▶ [ACTIVITY]: No pictures, nothing altered: return the data below.

Top of SOURCE MATERIAL

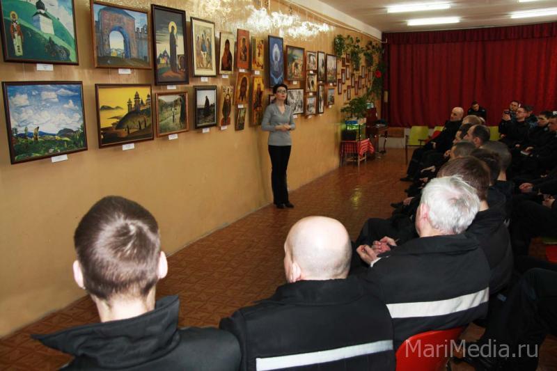 Такая возможность появилась в результате совместного проекта выставочного зала «Радуга» Национальной библиотеки им. С.Г. Чавайна и республиканского Управления Федеральной службы исполнения наказаний. В колонистском клубе была оформлена передвижная выставка «Христианские сюжеты в живописи», на которой были представлены высококачественные цифровые копии полотен русских художников 19-20 веков – Иванова, Крамского, Поленова, Рериха, Нестерова, а также репродукции наиболее известных древнерусских икон – Владимирской Богоматери, Спаса Нерукотворного, «Чудо Георгия о Змие», «Ярославская Оранта», «Борис и Глеб на конях». В свете приближающегося праздника Пасхи выставка смотрелась особенно актуально. По данным пресс-службы УФСИН по Марий Эл, несмотря на то, что выставочный зал «Радуга» достаточно загружен, рассматривается возможность того, чтобы передвижная выставка побывала и в других исправительных учреждениях республики.
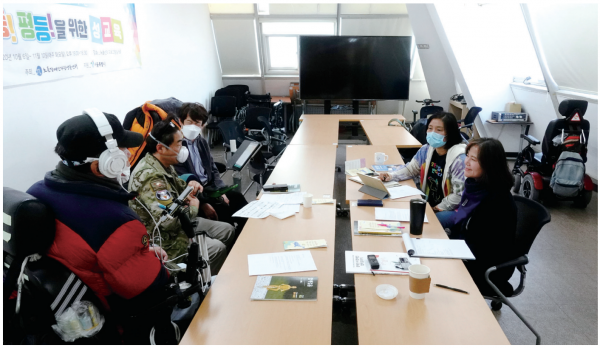 ↑취재가 진행된 자리의 모습. 왼쪽 아래부터 시계 방향으로 추경진 강사(헤드폰을 쓴 이), 활동지원사, 김탄진 강사, 한광주 강사, 강희석 강사가 대화를 나누고 있다.
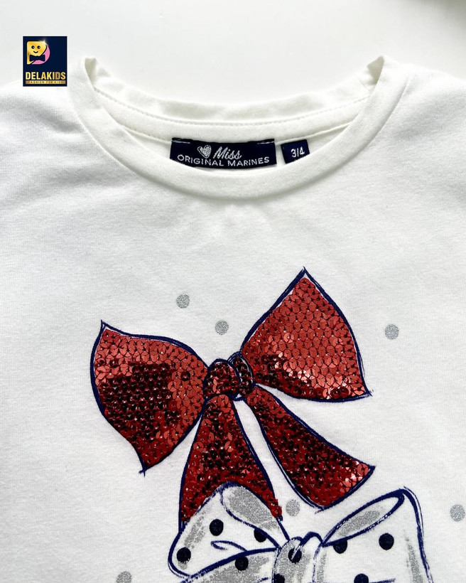 بلوز سفید دخترانه وارداتی از جنس نخ پنبه بسیار با کیفیت با حالت کشسانی که به کودک حس راحتی و نیز آزادی حرکت می دهد. خیلی نرم و لطیف ، با طرح پاپیون زیبا که هم پولک دوزی شده و هم شاین دارهست، تنخور خیلی راحت، مناسب استفاده در منزل و مهمانی.
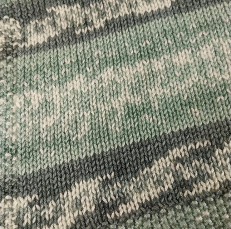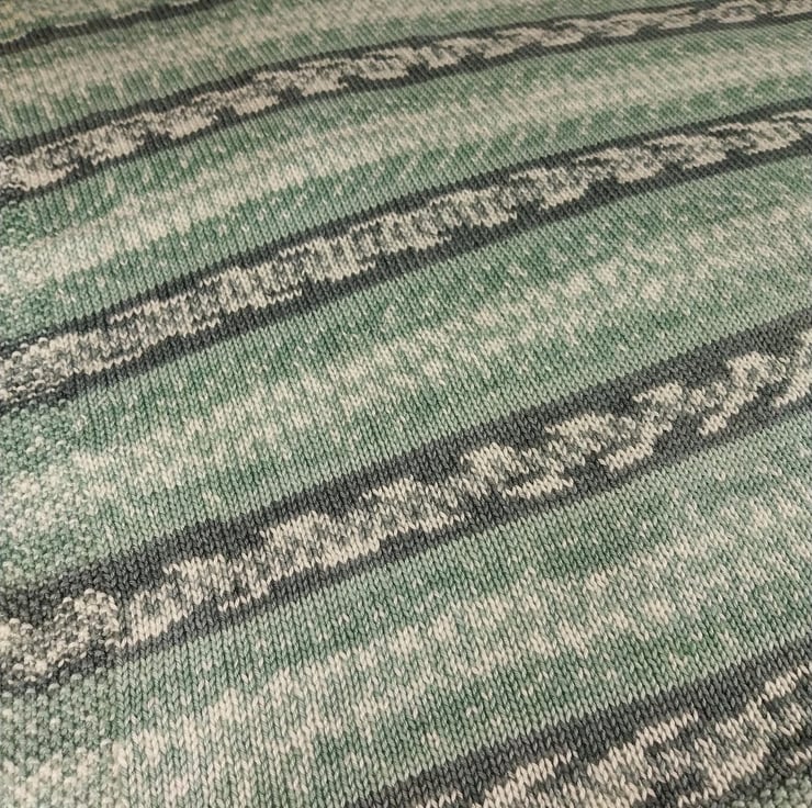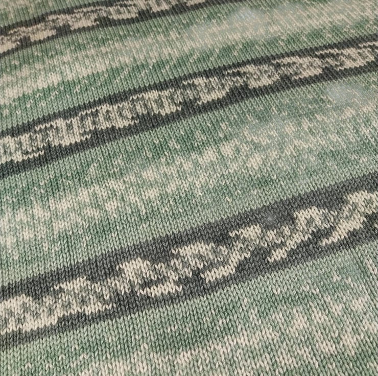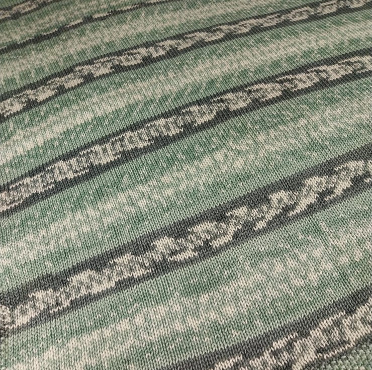 Hand Knitted Baby Blanket Sage Green Fair Isle Pram Blanket 30x33 inches
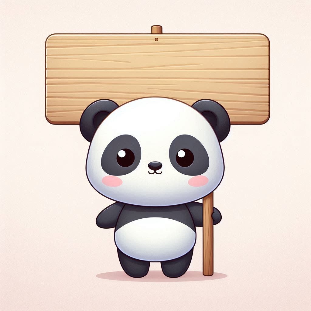 adorable, animal, blank, cartoon, character, clipart, cute, design, digital, emoji, graphic, hold, icon, illustration, mascot, panda, sign, standing, symbol, wooden

Bottom of SOURCE MATERIAL

▶ [REPLY]:
 Такая возможность появилась в результате совместного проекта выставочного зала «Радуга» Национальной библиотеки им. С.Г. Чавайна и республиканского Управления Федеральной службы исполнения наказаний. В колонистском клубе была оформлена передвижная выставка «Христианские сюжеты в живописи», на которой были представлены высококачественные цифровые копии полотен русских художников 19-20 веков – Иванова, Крамского, Поленова, Рериха, Нестерова, а также репродукции наиболее известных древнерусских икон – Владимирской Богоматери, Спаса Нерукотворного, «Чудо Георгия о Змие», «Ярославская Оранта», «Борис и Глеб на конях». В свете приближающегося праздника Пасхи выставка смотрелась особенно актуально. По данным пресс-службы УФСИН по Марий Эл, несмотря на то, что выставочный зал «Радуга» достаточно загружен, рассматривается возможность того, чтобы передвижная выставка побывала и в других исправительных учреждениях республики.
 ↑취재가 진행된 자리의 모습. 왼쪽 아래부터 시계 방향으로 추경진 강사(헤드폰을 쓴 이), 활동지원사, 김탄진 강사, 한광주 강사, 강희석 강사가 대화를 나누고 있다.
 بلوز سفید دخترانه وارداتی از جنس نخ پنبه بسیار با کیفیت با حالت کشسانی که به کودک حس راحتی و نیز آزادی حرکت می دهد. خیلی نرم و لطیف ، با طرح پاپیون زیبا که هم پولک دوزی شده و هم شاین دارهست، تنخور خیلی راحت، مناسب استفاده در منزل و مهمانی.
 Hand Knitted Baby Blanket Sage Green Fair Isle Pram Blanket 30x33 inches
 adorable, animal, blank, cartoon, character, clipart, cute, design, digital, emoji, graphic, hold, icon, illustration, mascot, panda, sign, standing, symbol, wooden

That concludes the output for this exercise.